_What this task involves_: Transcribe only what runs from the line containing "D'Joy Niassa Ruby" through the final line below, exactly, and leave every picture out.

_Extracted data entries_:
----------------

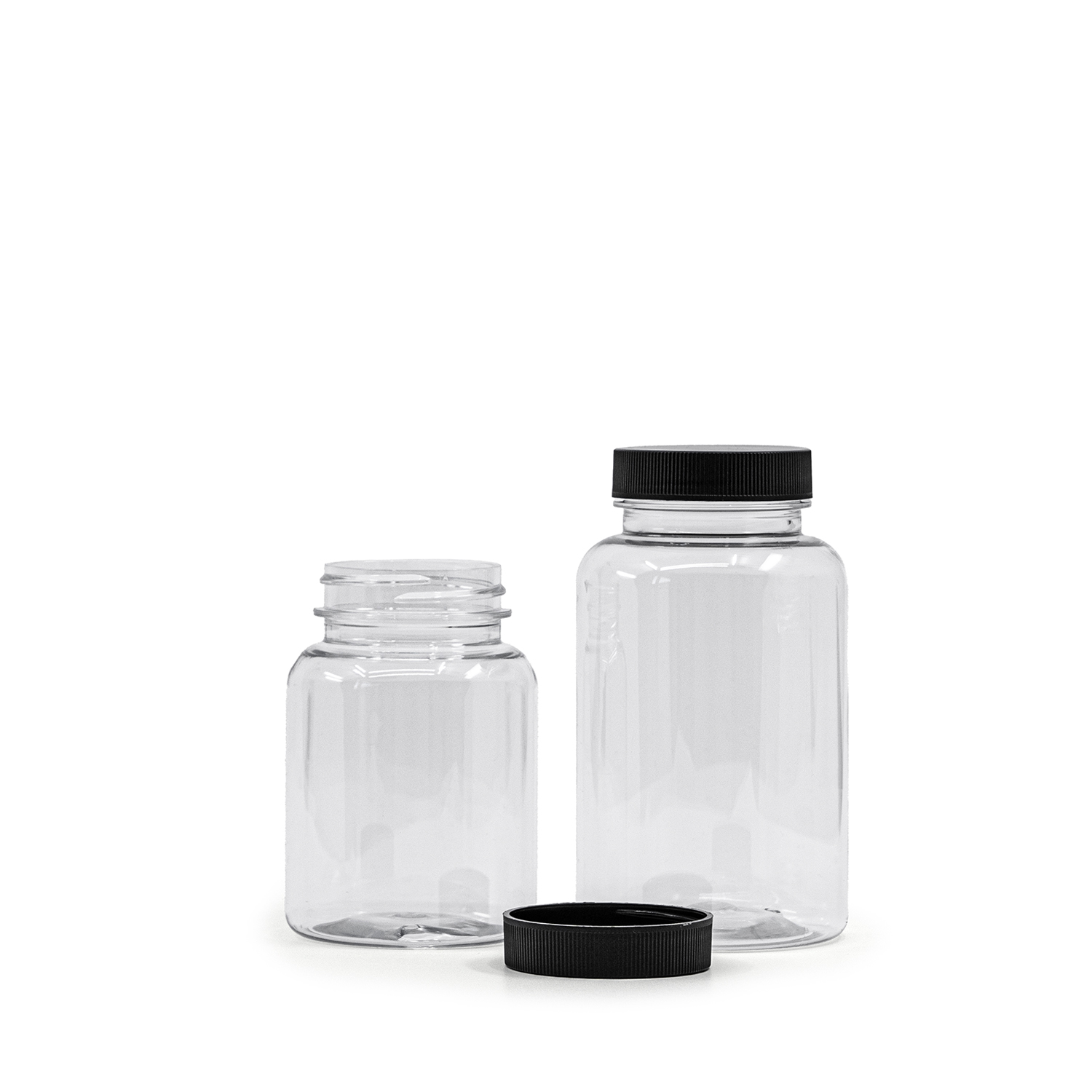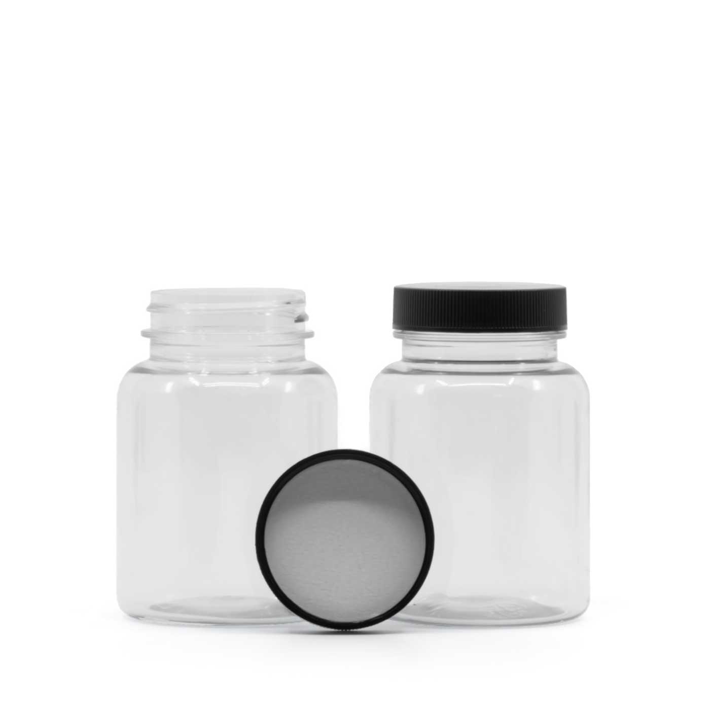 Pot en plastique transparent pour comprimés, couvercle noir, opercule d’induction, 150 ml
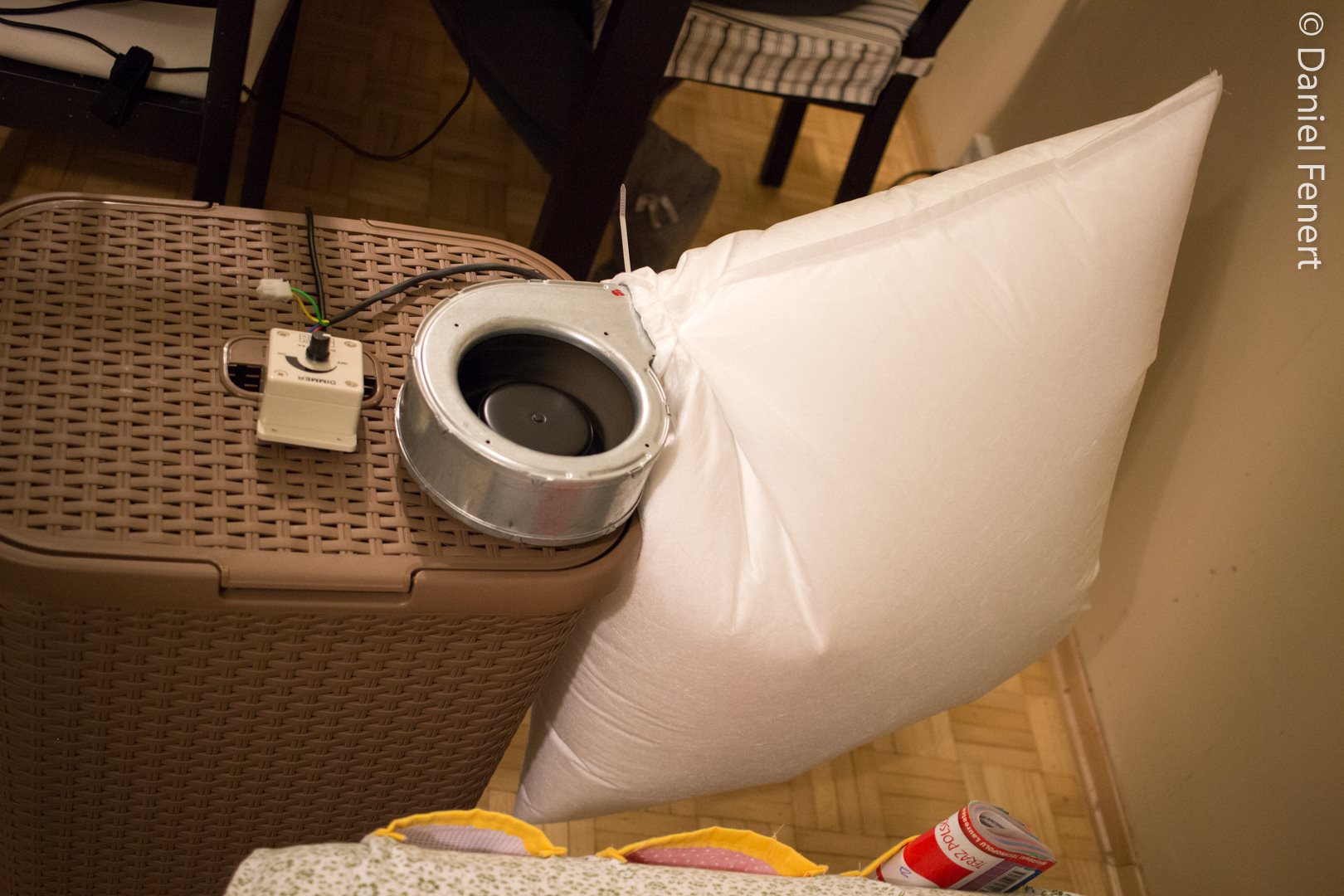2. Wentylator zamocowałem pod klapą kosza na pranie
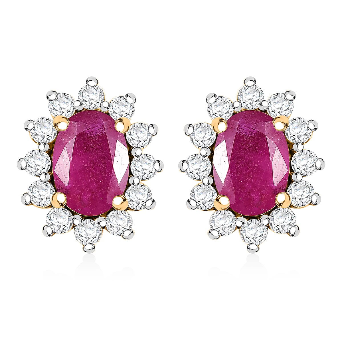 D'Joy Niassa Ruby (FF) and White Zircon 3.20 ctw Sunburst Stud Earrings in 18K Vermeil Yellow Gold Over Sterling Silver
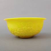 Chinese gele Pekingglazen kom met reliëfdecor van een vogel en bloemen, modern, 8 x 18 cm
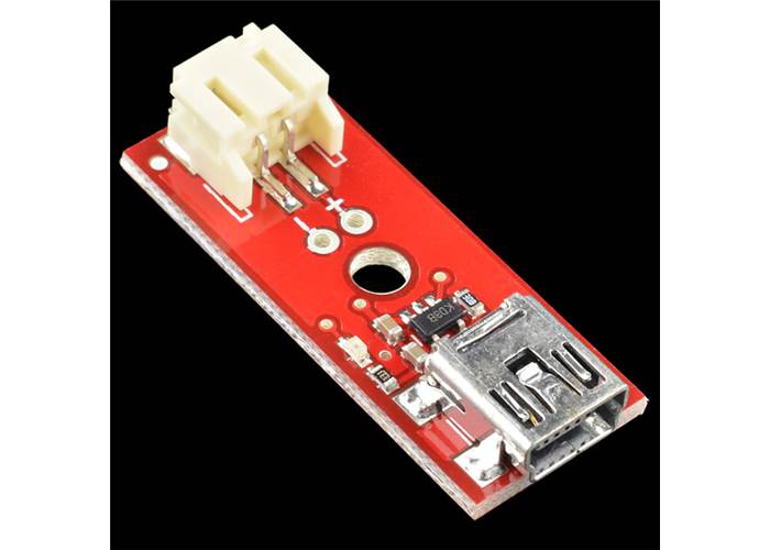 The board incorporates a charging circuit, status LED, connector for your battery (JST-type used in the batteries we carry), and a mini-USB connector. However, we do not recommend this charger with a 110mAh battery.
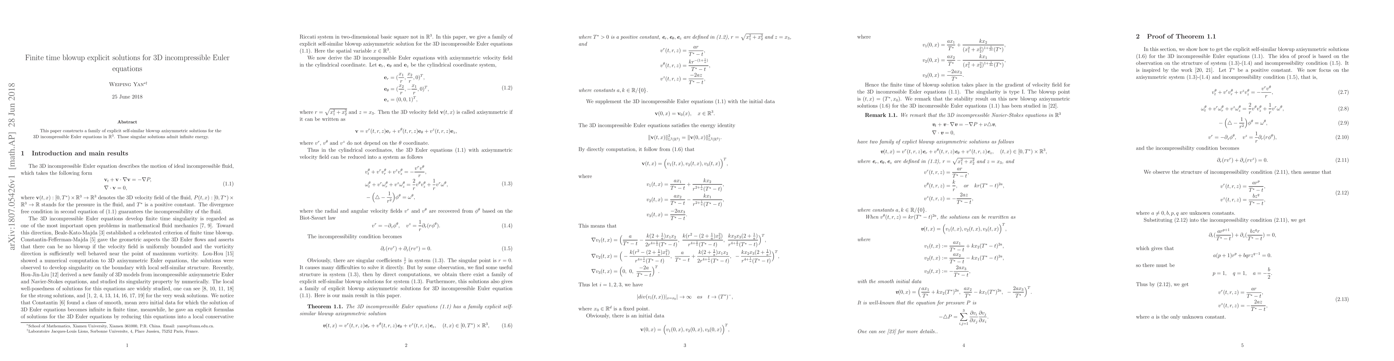 Summary: This paper presents explicit self-similar, axisymmetric solutions for the 3D incompressible Euler equations that demonstrate finite time blowup, showcasing infinite energy accumulation in the singular solutions.

----------------

_Output of the exercise_:
 D'Joy Niassa Ruby (FF) and White Zircon 3.20 ctw Sunburst Stud Earrings in 18K Vermeil Yellow Gold Over Sterling Silver
 Chinese gele Pekingglazen kom met reliëfdecor van een vogel en bloemen, modern, 8 x 18 cm
 The board incorporates a charging circuit, status LED, connector for your battery (JST-type used in the batteries we carry), and a mini-USB connector. However, we do not recommend this charger with a 110mAh battery.
 Summary: This paper presents explicit self-similar, axisymmetric solutions for the 3D incompressible Euler equations that demonstrate finite time blowup, showcasing infinite energy accumulation in the singular solutions.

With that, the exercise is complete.